• [TASK PROMPT]
Your answer must be the exact lines from the one holding "TOTAL HOME : White" through the last line of the records below, with no pictures.

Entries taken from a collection
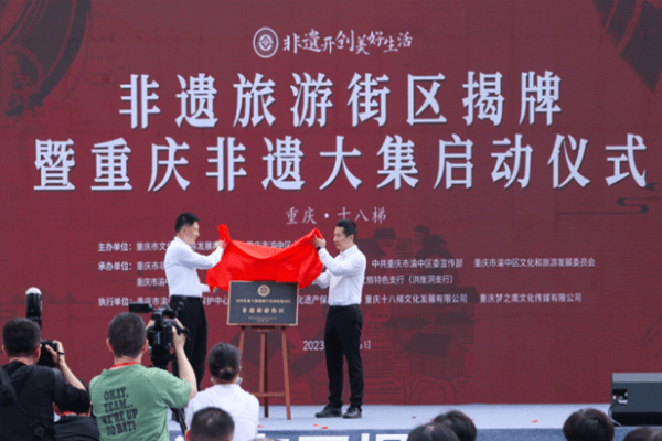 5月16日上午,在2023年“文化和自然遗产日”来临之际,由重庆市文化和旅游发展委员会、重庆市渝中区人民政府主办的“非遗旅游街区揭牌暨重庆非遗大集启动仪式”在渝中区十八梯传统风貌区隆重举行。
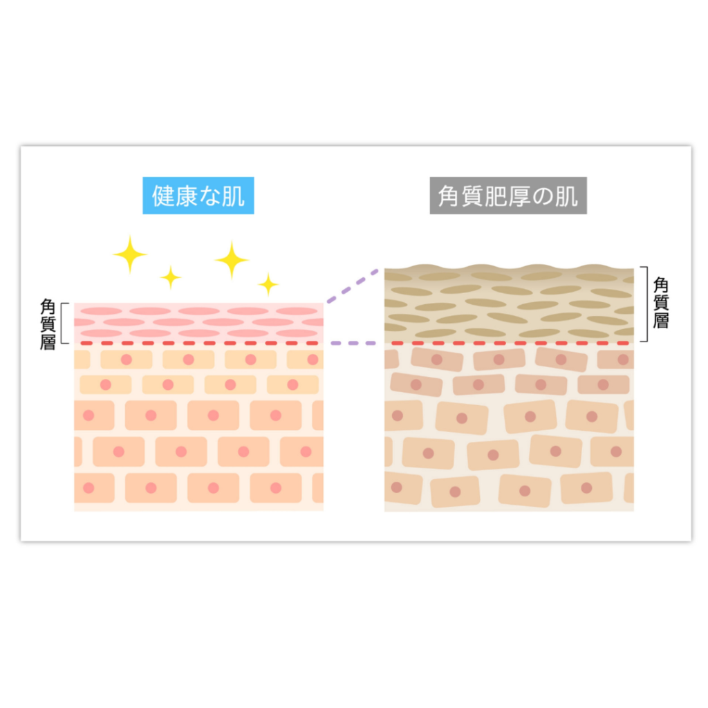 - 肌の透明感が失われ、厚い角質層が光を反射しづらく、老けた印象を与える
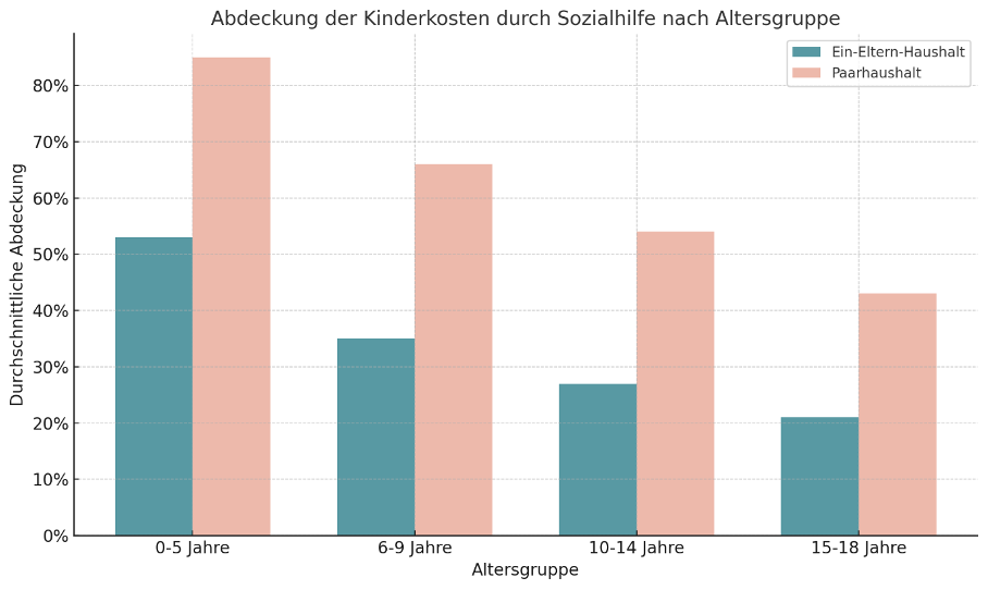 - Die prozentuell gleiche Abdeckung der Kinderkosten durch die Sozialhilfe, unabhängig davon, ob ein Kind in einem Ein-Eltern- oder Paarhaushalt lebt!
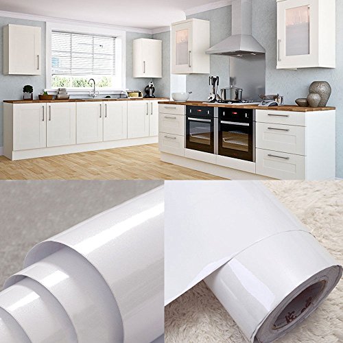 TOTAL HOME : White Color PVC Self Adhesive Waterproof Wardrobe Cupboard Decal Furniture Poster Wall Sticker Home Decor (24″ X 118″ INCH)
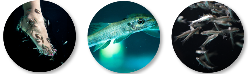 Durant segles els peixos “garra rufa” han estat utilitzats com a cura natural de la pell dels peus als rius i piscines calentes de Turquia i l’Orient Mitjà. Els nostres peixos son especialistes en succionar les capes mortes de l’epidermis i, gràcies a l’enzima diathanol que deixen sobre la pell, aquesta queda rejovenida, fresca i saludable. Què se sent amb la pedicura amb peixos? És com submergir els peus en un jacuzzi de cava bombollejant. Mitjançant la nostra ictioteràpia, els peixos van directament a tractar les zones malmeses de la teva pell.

• [OUTPUT BELOW]
 TOTAL HOME : White Color PVC Self Adhesive Waterproof Wardrobe Cupboard Decal Furniture Poster Wall Sticker Home Decor (24″ X 118″ INCH)
 Durant segles els peixos “garra rufa” han estat utilitzats com a cura natural de la pell dels peus als rius i piscines calentes de Turquia i l’Orient Mitjà. Els nostres peixos son especialistes en succionar les capes mortes de l’epidermis i, gràcies a l’enzima diathanol que deixen sobre la pell, aquesta queda rejovenida, fresca i saludable. Què se sent amb la pedicura amb peixos? És com submergir els peus en un jacuzzi de cava bombollejant. Mitjançant la nostra ictioteràpia, els peixos van directament a tractar les zones malmeses de la teva pell.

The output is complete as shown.